Moving on… sometimes
Monday, April 21st, 2008I haven’t posted here for some time. It’s never far from my mind but I manage to keep it behind me… most of the time.
Our girls have been getting on with their lives for the most part, but periodically things come out. One has broken up with a boyfriend and we thought that this was at her instigation and she was happy but a few weeks ago she had a night out with workmates, too much to drink, and it all came flooding back to her. She did some things she would never normally do if she was sober - it scared both her father and me. We can thank God that it all turned out ok and she was protected.
Another daughter has gone back to counselling but she doesn’t share what about. Can’t help wondering if it’s all about this. She’s in her mid 20s, never had a boyfriend and her dad is the only male she’ll come close to. Doing her studies, trying to get work, it’s probably all crowding in on her.
And the third seems happy in her work and social life but won’t let any guys get close. She has a mouth that tends to scare guys off - she can give back as good as they give and lots more. It will have to be a very caring, and patient man who captures her heart. She jokes about it all but underneath I can’t help thinking my father is responsible for this.
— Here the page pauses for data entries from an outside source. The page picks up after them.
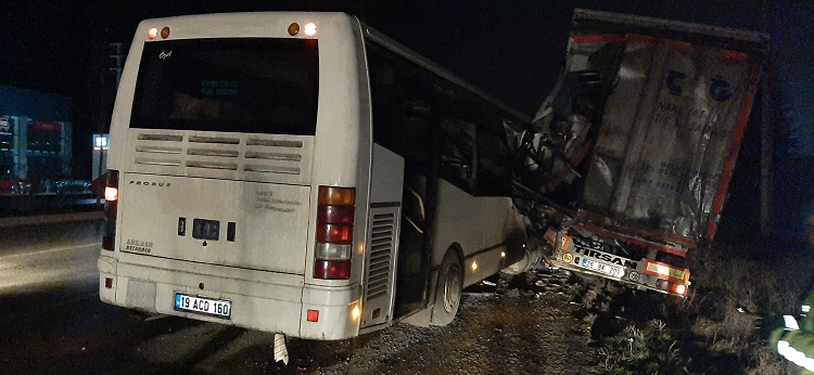 Kaza akşam saatlerinde Çorum-Ankara Karayolu 6. Kilometresinde meydana geldi. Edinilen bilgiye göre 26 BK 209 plakalı TIR sürücüsü Adnan Ö., stepnesinin yerinden çıkması sebebi ile aracını güvenlik şeridine çekerek park etti. O esnada aynı istikamette seyir halinde olan Erdal G.(49)’nin kullandığı 19 ACD 160 plakalı servis otobüsü, sürücünün bir anlık dikkatsizliği sonucu park halindeki TIR’a arkadan çarptı. Kazada otobüs sürücüsü yaralanırken, yaralı 112 ekibinin ilk müdahalesinin ardından Hitit Üniversitesi Eğitim ve Araştırma Hastanesi’ne kaldırılarak tedavi altına alındı. Kaza nedeni ile her iki araçta da büyük ölçüde maddi hasar meydana geldi. Kaza ile ilgili soruşturma başlatıldı.
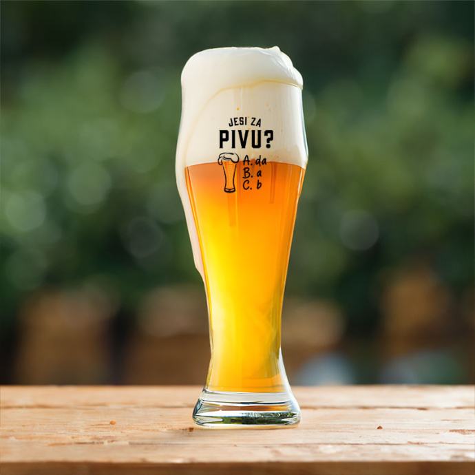 Dizajn: Visoka čaša s tiskom i šaljivim natpisom "Jesi za pivu?"
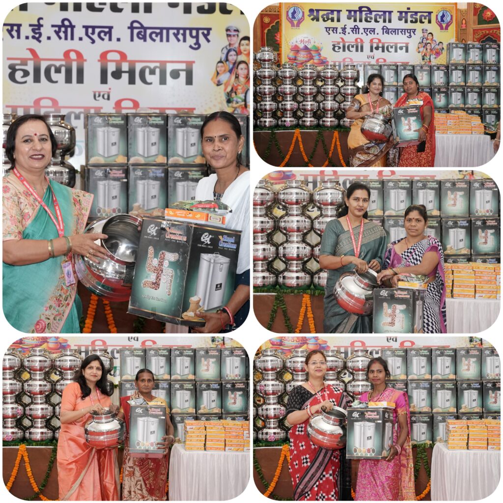 बिलासपुर।श्रद्धा महिला मंडल द्वारा दिनांक 26 फ़रवरी 2026 को वसंत विहार के रवीन्द्र भवन में एसईसीएल की महिला संविदा कर्मियों के साथ होली मिलन एवं महिला दिवस समारोह बड़े हर्षोल्लास के साथ मनाया गया। यह कार्यक्रम श्रद्धा महिला मंडल की अध्यक्षा श्रीमती शशि दुहन जी एवं उपाध्यक्षा गणों के मार्गदर्शन में आयोजित किया गया। इस अवसर पर नेहरू शताब्दी कॉलोनी, वसंत विहार कॉलोनी एवं इंद्रा विहार कॉलोनी में कार्यरत लगभग 102 महिला संविदा कर्मियों ने उत्साहपूर्वक भाग लिया। कार्यक्रम की शुरुआत सभी संविदा बहनों का रोली टीका लगाकर स्वागत करने से हुई। इसके पश्चात सभी को होली और महिला दिवस की हार्दिक शुभकामनाएँ दी गईं।अध्यक्षा श्रीमती शशि दुहन भाभी जी ने इन कर्मठ बहनों की समर्पण एवं परिश्रम की सराहना की और उन्हें असली नारी शक्ति कहा।
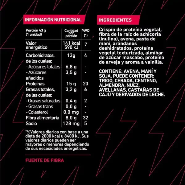 Disfruta de una barra pensada para darte energía limpia y sostenida. Con 15 g de proteína vegetal y 8 g de fibra, es el snack ideal para mantenerte activo y satisfecho durante más tiempo. Su combinación de arándanos y pasta de maní crea un equilibrio perfecto entre dulzor natural, suavidad y un toque frutal vibrante.
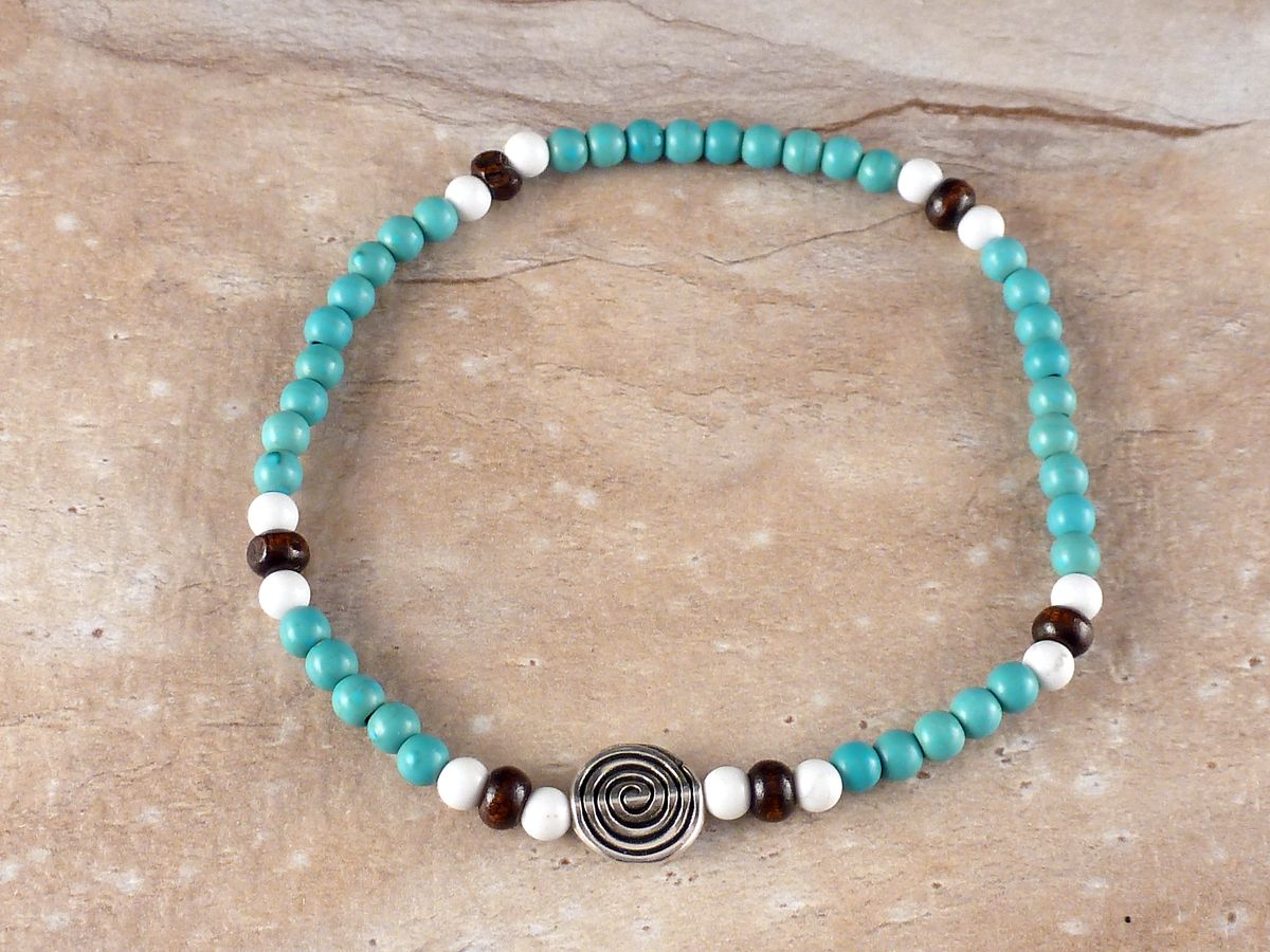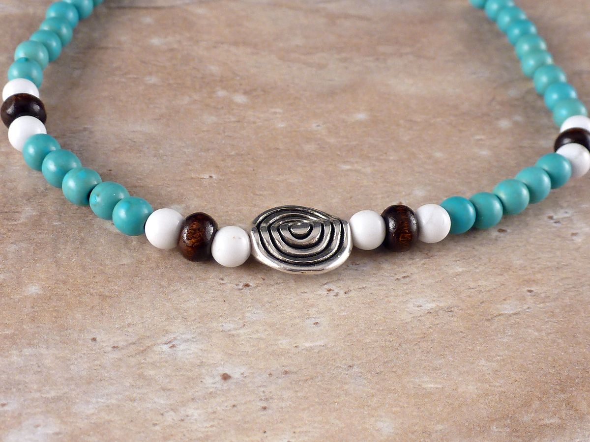 mit Holz und Steinperlen und einer Spirale aus

Our girls should have had normal happy teenage lives and in regular circumstances they should all have happy relationships too by now. Our other two daughters (one older, one younger) are both married and happy… and were not touched by my father. Kind of makes you think, doesn’t it?
Recent events with a group I belong to online has indicated someone like my father has been hanging around the group. It immediately conjours up all sorts of ideas and thoughts amongst others as the word gets around and immediately I begin to view every male on the list as suspicious. I know I shouldn’t but can’t help it. It’s the same when I’m out in the street and see older men walking or shuffling along - someone who could be in the same age group as my dad. I wonder if their grandkids were safe with them as my kids should have been with their’s.